The foregoing consideration seemed to show that the proposed combination will likely worsen the competitive structure in the optical lens industry for which an imposition of behavioral remedies (e.g., no price increase for a stipulated time period) will be inadequate. Therefore, the KFTC decided to block the proposed combination.

Remarks on the KFTC Decision
This decision made it clear once again that a combination posing probable competitive harms that are difficult to cure will be blocked by the agency. Under the Standards for Imposing Remedial Orders on Business Combinations issued in 2011 (the "Guidelines"), structural remedies are to be given consideration in priority over behavioral remedies. More specifically, the Guidelines authorize the KFTC to block or unwind any proposed combination if it poses probable competitive harms for which there is no other remedy. This was the first case of a blocked combination since the issuance of the Guidelines.

This decision also shows the KFTC's stern inclination to confine the geographical scope of relevant markets to the national boundary of Korea unless such a finding of geographic market is clearly refuted by facts. A broader definition of the geographic market may have helped Essilor on the effects of the probable competitive harms. However, citing the perceptions shared among the buyers and the sellers, the improbability of Chinese firms penetrating the Korean market, along with economic analyses, the KFTC defined the geographic scope of the markets as Korea.

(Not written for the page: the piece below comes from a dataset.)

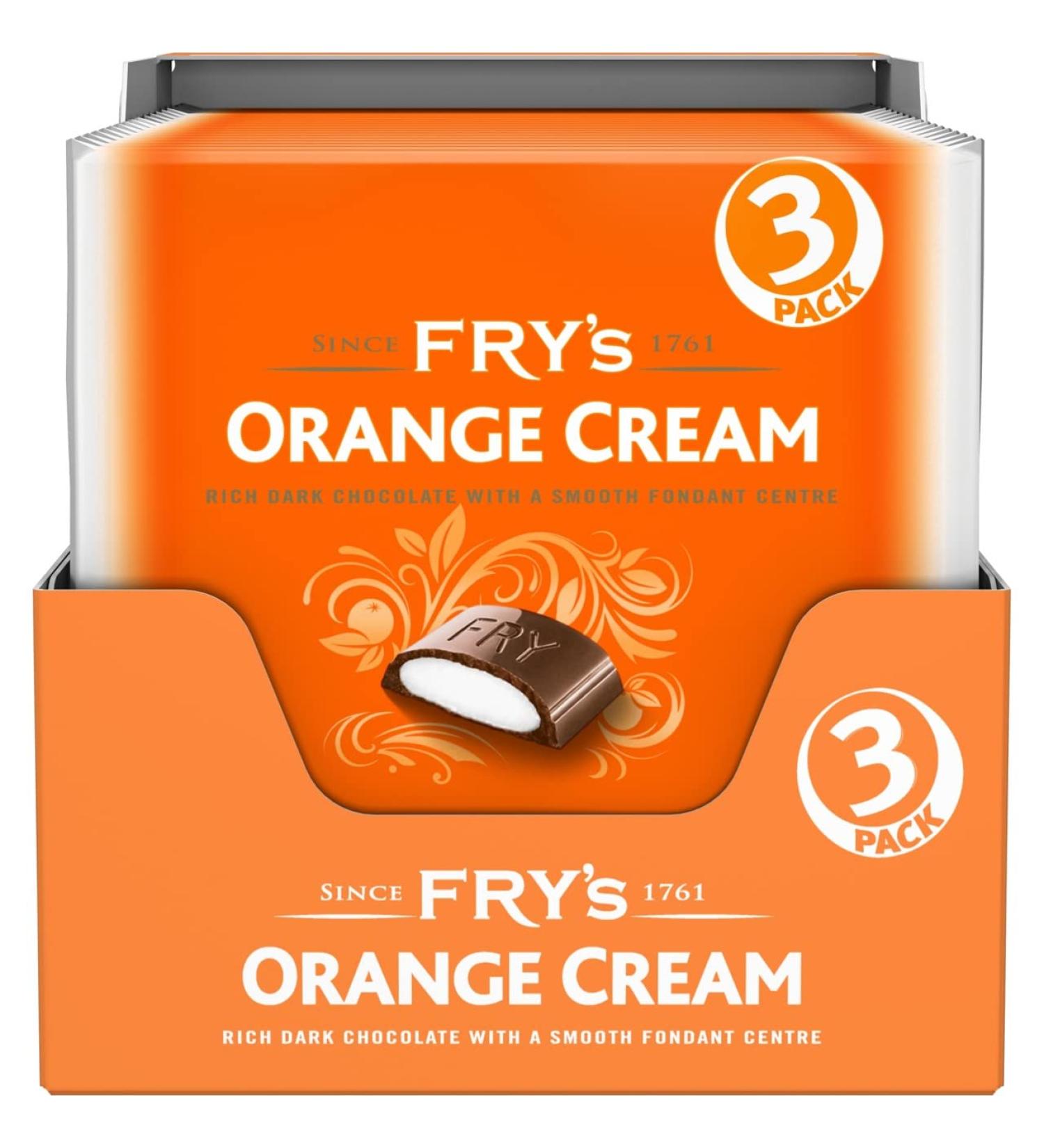 Indulge in a classic combination with Fry’s Orange Cream. Each bar features smooth, rich dark chocolate filled with a zesty orange-flavoured fondant centre, delivering a perfectly balanced blend of citrus freshness and deep cocoa flavour. With three bars in the pack, it’s ideal for sharing or savouring slowly.

The decision also appeared to have been motivated by the desire to protect the domestic market structure, specifically domestic lens makers that are small-to-medium-sized. The press release stated the KFTC's perceived need to "keep solid domestic firms from being acquired by foreign firms only to be relegated to the position of being their sub-contractors" and thereby "maintain the existing competitive structure". This may suggest the possibility that future attempts by foreign firms to acquire local small-to-medium-sized firms in Korea (if the culmination of which gives them much more enhanced market share and power) likely will face difficulties in obtaining clearance from the KFTC.

Since the adoption of "commitment decision" system in 2011, firms whose cases are under review or investigation by the KFTC may propose their own solutions to settle their cases with the KFTC without a finding of wrongdoing. Although there has not been any precedent to this date where a commitment decision was used on a business combination, this system may be used for business combination cases, especially if obtaining clearance is expected to be difficult.

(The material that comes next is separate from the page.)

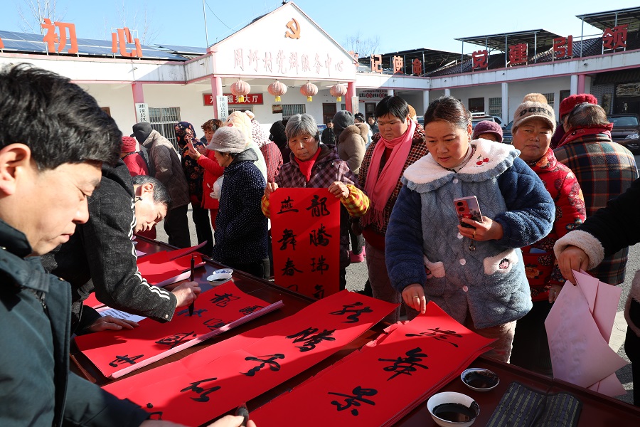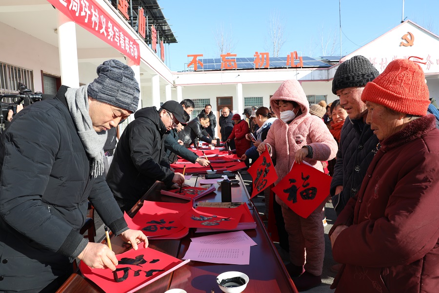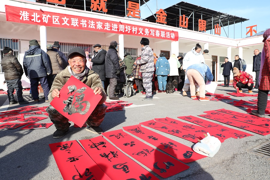 1月23日,伟德betvlctor1946源于英国集团工会组织矿区书法家深入定点帮扶乡村——濉溪县铁佛镇周圩村,开启新年义务书赠春联系列活动,现场挥毫泼墨“迎新春、话小康、助振兴”,为村民送上新春祝福和美好祝愿,为建设宜居宜业和美乡村,加快乡村振兴汇聚精神力量。

In the case of Essilor, it may have helped Essilor to propose a combination of post-combination remedies (both behavioral and structural) to avail itself of the commitment decision system. As for the behavioral remedies, it may have helped Essilor to propose to commit for a certain post-combination period to not raise its prices and to also apply fair terms of trade to its dealers, as these are some of the typical concerns expressed by the KFTC in reviewing a prospect of enhanced market power. While these remedies alone would not have sufficed, they certainly could have been buttressed by proposing some structural remedies - i.e., implementing a separation of the management between Daemyung and Chemiglas to enable price competition between the two or, if necessary, proposing a partial sell-off of the short-focus lens business of Daemyung. On top of proposing these remedies, it may also have been a worthwhile idea to consider highlighting competitive pressure from adjacent markets, specifically due to the substitutability between the lens for eyeglasses and a variety of other "vision-correcting" solutions ranging from contact lens to surgical methods. Highlighting such competitive pressure may have helped Essilor to suggest the propriety of a commitment decision for its proposed combination.